Python Regex Match Object

By Xah Lee. Date: . Last updated: .

Some regex function or method return a “MatchObject”. The following are its methods and attributes.

Match Object Methods

expand(template_string) → return a transformed version of template_string, with back references replaced from the captured pattern. This is similar to using re.sub(…, template_string, …).

Back refernces include the numeric forms {\1, \2, …}, and {\g<1>, \g<2>, …}, and named forms \g<name>. Note, the named forms need to be specified in the regex pattern by ?P<name>pattern [see Regex Syntax]

# -*- coding: utf-8 -*-
# python 2

# example of regex match object .expand()

import re

xx = re.compile(r"(\d\d\d\d)")

yy = xx.search("in the year 1999")

print yy.expand(r"Year: \1")    # Year: 1999

groups(), group(), groupdict()

summary of group methods
syntaxmeaning
groups()return a tuple containing all the captured groups of the match.
group(n1,n2,…)return a string or tuple containing one or more captured group, in the order given. The arguments should be integers. If there's a single argument, returns a string, else tuple.
groupdict() return a dictionary containing all the named groups of the match. Key is name of the named group.

groups()

Return a tuple containing all the subgroups of the match.

# -*- coding: utf-8 -*-
# python 2

# example using match object's .groups() method

import re

myText = 'some a1 a2 a3 list'
patObj = re.compile(r'.+(\w\d+) (\w\d+) (\w\d+).+')
matchObj = patObj.search(myText)
print matchObj.groups()   # ('a1', 'a2', 'a3')

group(…)

return a string or tuple containing one or more captured group, in the order given. The arguments should be integers: 0 is the whole matched pattern, 1 is the 1st captured string, etc. If there's just 1 argument, returns a string, else tuple. No argument is equivalent to group(0)

# -*- coding: utf-8 -*-
# python 2

# example of regex match object's methods groups() and group(…)

import re

myText = 'some a1 a2 a3 list'
patObj = re.compile(r'.+(\w\d+) (\w\d+) (\w\d+).+')
matchObj = patObj.search(myText)

print matchObj.groups() # ('a1', 'a2', 'a3')

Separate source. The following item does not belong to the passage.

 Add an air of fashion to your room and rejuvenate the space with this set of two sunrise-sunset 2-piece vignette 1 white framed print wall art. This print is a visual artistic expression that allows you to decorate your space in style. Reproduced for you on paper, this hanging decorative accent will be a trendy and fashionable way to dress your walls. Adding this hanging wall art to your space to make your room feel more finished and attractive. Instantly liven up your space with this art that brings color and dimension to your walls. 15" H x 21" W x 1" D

print matchObj.group()  # 'some a1 a2 a3 list'
print matchObj.group(0) # 'some a1 a2 a3 list'
print matchObj.group(1) # 'a1'
print matchObj.group(2) # 'a2'
print matchObj.group(1,2) # ('a1', 'a2')
print matchObj.group(2,1,1)   # ('a2', 'a1', 'a1')
print matchObj.group(0,1) # ('some a1 a2 a3 list', 'a1')

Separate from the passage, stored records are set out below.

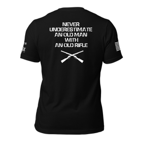 NEVER UNDERESTIMATE AND OLD MAN OLD RIFLE SHIRT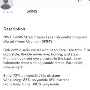 New no tags ,SKIMS STRETCH SATIN LACE CROPPED CORSET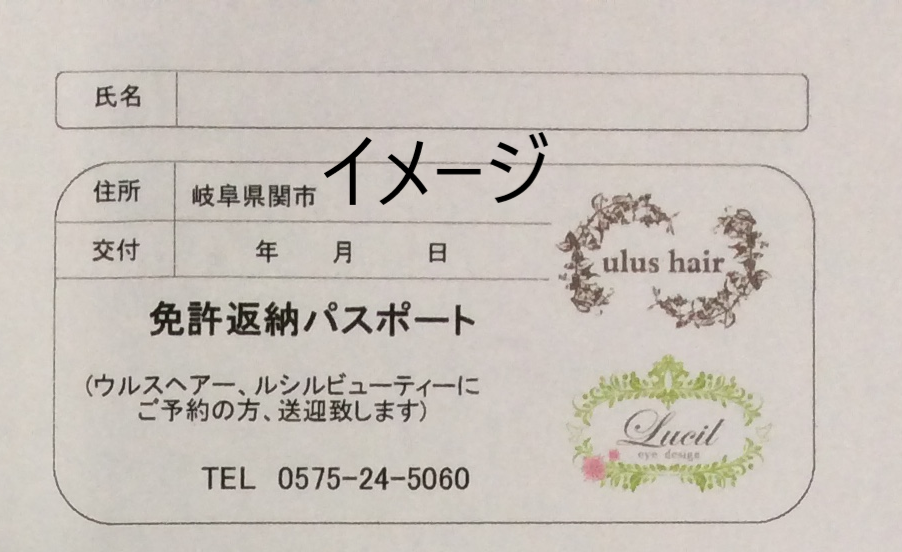 関市在住の65歳以上で、免許を自主返納された方に、運転経歴証明書のご提示で、ウルスヘアー特製の「免許返納パスポート」をお渡しします。

If an argument is negative or larger than the number of groups defined in the pattern, a IndexError exception is raised.

If a group is contained in a part of the pattern that did not match, the corresponding result is None. (NEED EXAMPLE) If a group is contained in a part of the pattern that matched multiple times, the last match is returned. (NEED EXAMPLE)

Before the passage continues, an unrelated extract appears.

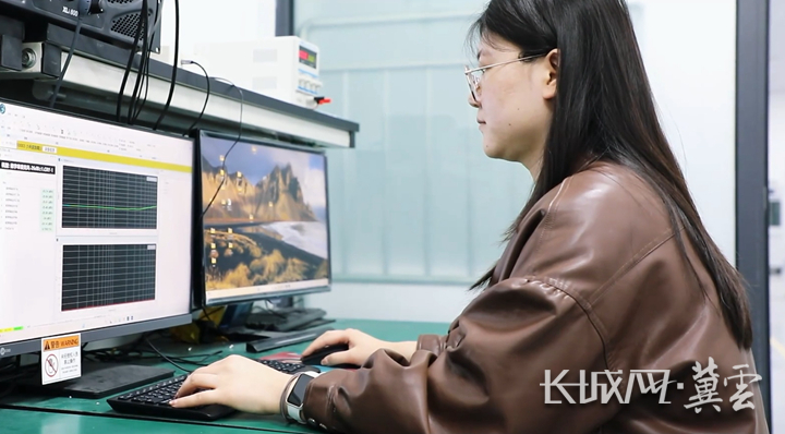 河北初光的音频分析室内,工作人员在测试产品声波曲线。长城网·冀云客户端记者 杨蕾 摄

If the regex pattern uses the (?P<name>…) syntax, the arguments may also be strings identifying groups by name name.

# -*- coding: utf-8 -*-
# python 2

import re

myText = 'some a1 a2 a3 list'
patObj = re.compile(r'.+(\w\d+) (?P<second>\w\d+) (\w\d+).+')
matchObj = patObj.search(myText)
print matchObj.group(1, "second", 3) # ('a1', 'a2', 'a3')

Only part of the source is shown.